Hi,
I'm a Norwegian living in England, and have been here for 8 out of the last 10 years. I'm really unhappy, I'm a single mum and my ex isn't very nice. I have a 5 year old boy, and he's incredibly easy going and easy to please.
I have been "okay" living here for a while, but I can't picture myself living here forever. I really do not want that, and with Brexit, I feel this much more strongly. We live in poverty, and because I struggle with work due to mental health, it's really difficult to deal with this.
For various reasons that I don't want to discuss, moving to Norway is not an option right now.
I guess you can say I do have experience of expat life (I have lived in London, Essex and 3 different towns in Hampshire, as well as 2 cities in Norway where I'm from). I was happy the first two years in London, but since I have spent the remaining 8 here unhappy and in poverty.

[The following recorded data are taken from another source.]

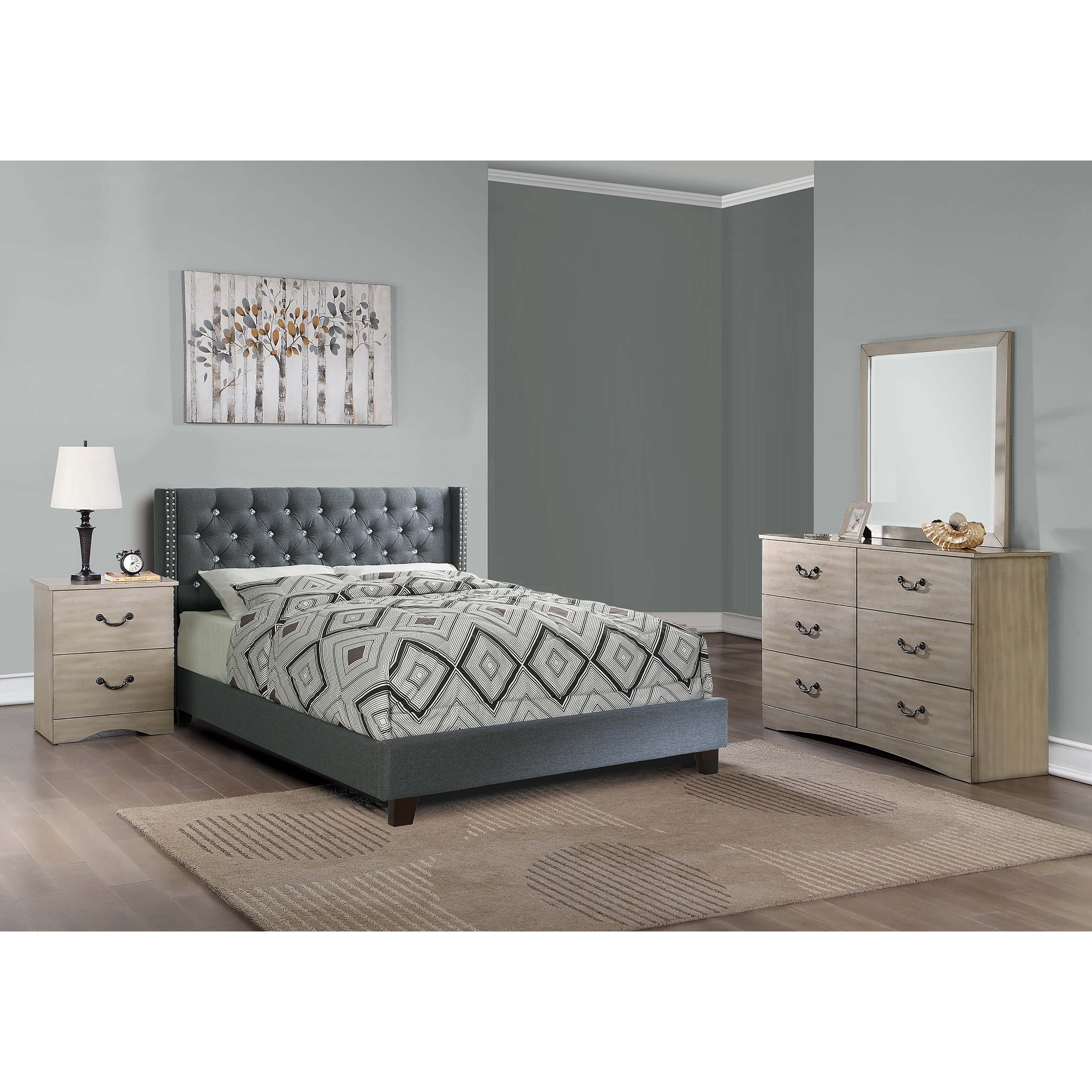 Upholstered Bed Set Nailhead Trim Plastic Legs Blue Gray Finish
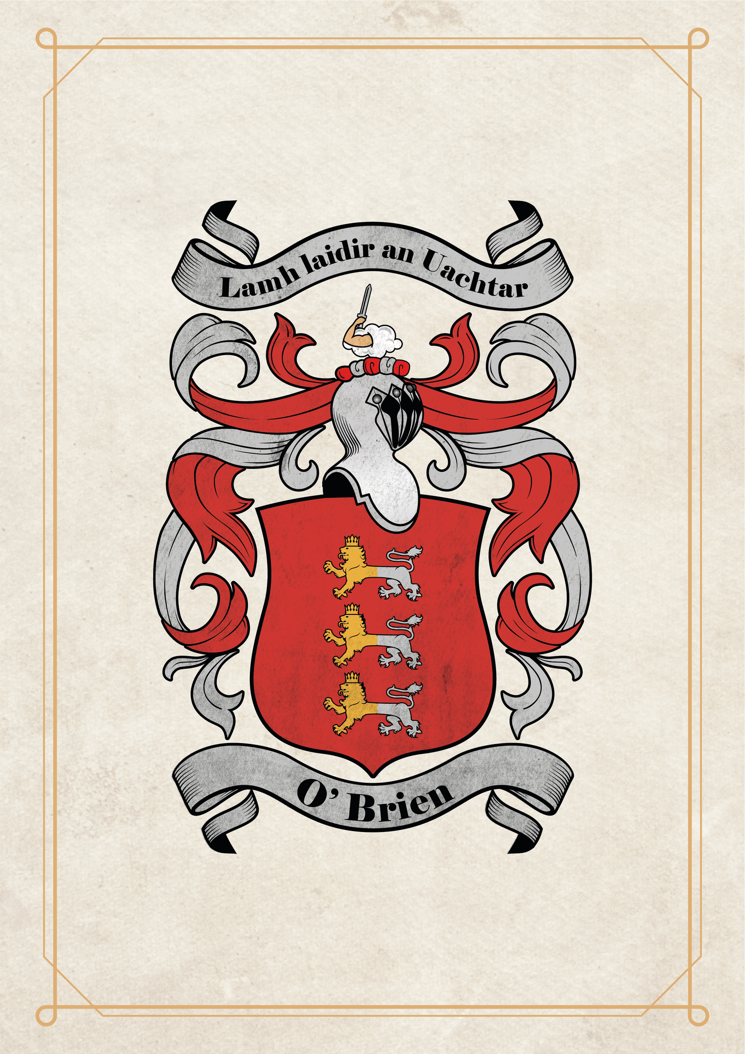 Made in Ireland - Explore our framed or unframed prints of the O'Brien family crest and history. Featuring single crests, crests for couples and much more. For all product types and gifts, please enter our full collection via the links below.
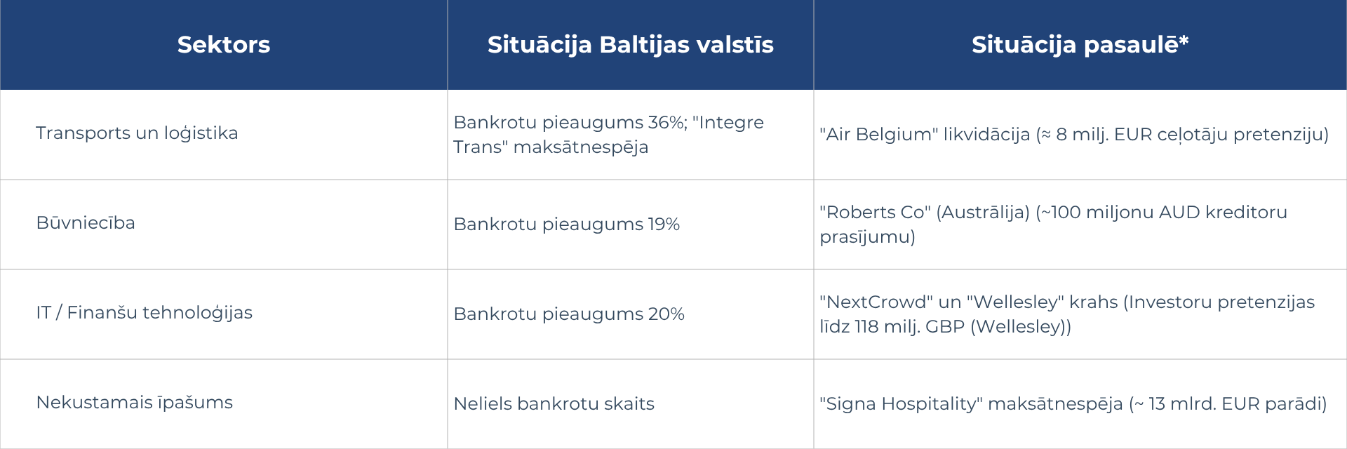 2024.gadā uzņēmumu bankrotu skaits pieauga visās Baltijas valstīs: Latvijā par 17% (no 242 līdz 283), Lietuvā par 16,1% (no 929 līdz 1 079) un Igaunijā par 12,9% (no 254 līdz 287).
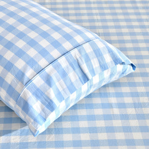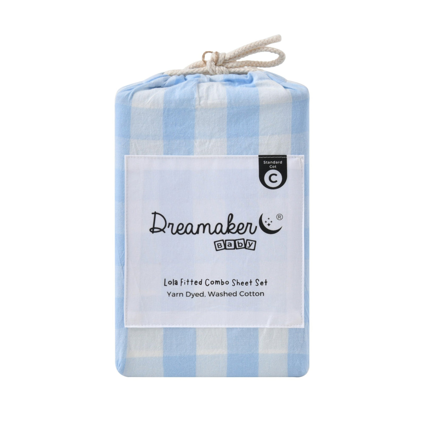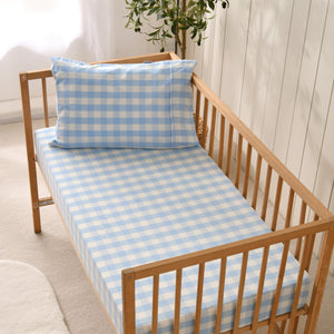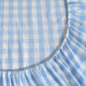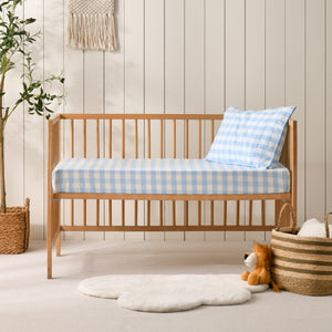 Baby Lola Washed Cotton Yarn Dyed Gingham Fitted Sheet Set Sky Large Cot
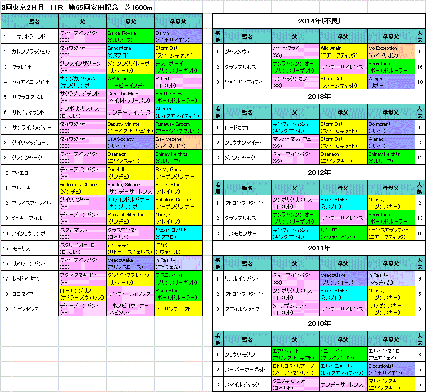 安田記念(2015)の登録馬と過去5年の血統傾向
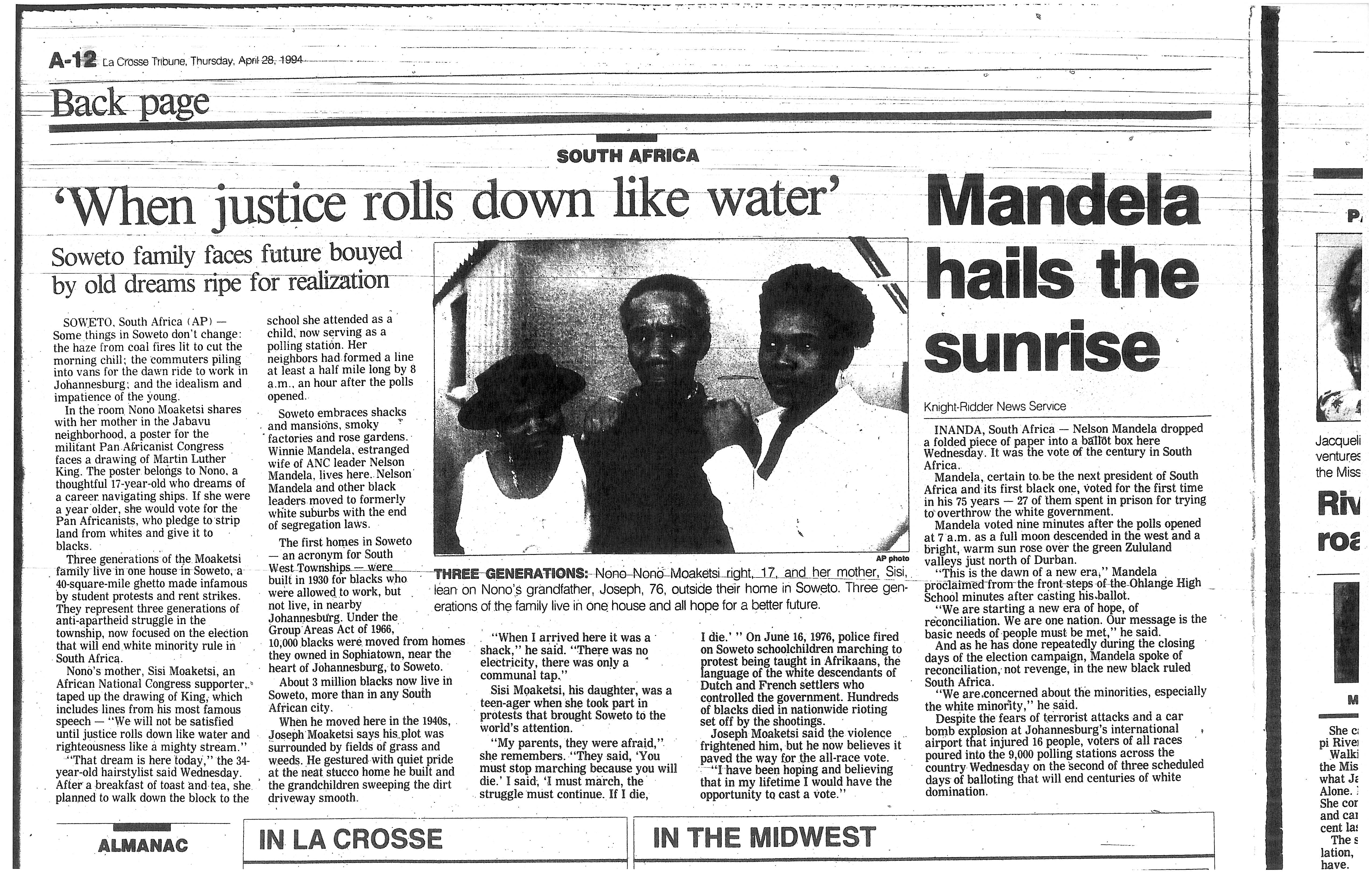 June 17, 1901, page 1 June 17, 1901, page 3 April 25, 1904 July 4, 1976, page R-19Nelson Mandela

The reason I am contemplating NL is that I now have a boyfriend there. He is okay with moving to the UK to be with us, but the more I think about it, the more I would rather take the chance and go there. I obviously need to do a lot more research, and eventually find out if my son's dad would allow it (he's a bit abusive towards me - not our son, so this might be difficult). It would be a huge upheaval for both me and my son, as we'd both need to learn a new language and adapt to a new environment. I appreciate it would be a major challenge.
Please don't think I'm anti-UK or anything, I'm not, it's just that this country doesn't allow me to be happy for some reason. I have a few lovely friends that I would miss, but no real support network, and no family other than my son. The schools in our town are also kind of terrible, but we are stuck in this flat due to being on UC. With Brexit, I don't actually know if I'd still be able to claim UC after, by which point we would either be homeless or have to leave the country anyway.
I'm not in any way thinking NL is the most fantastic place in the world, but I feel it might be a better option for us now.
Please, any advice or ideas? How can I make this decision?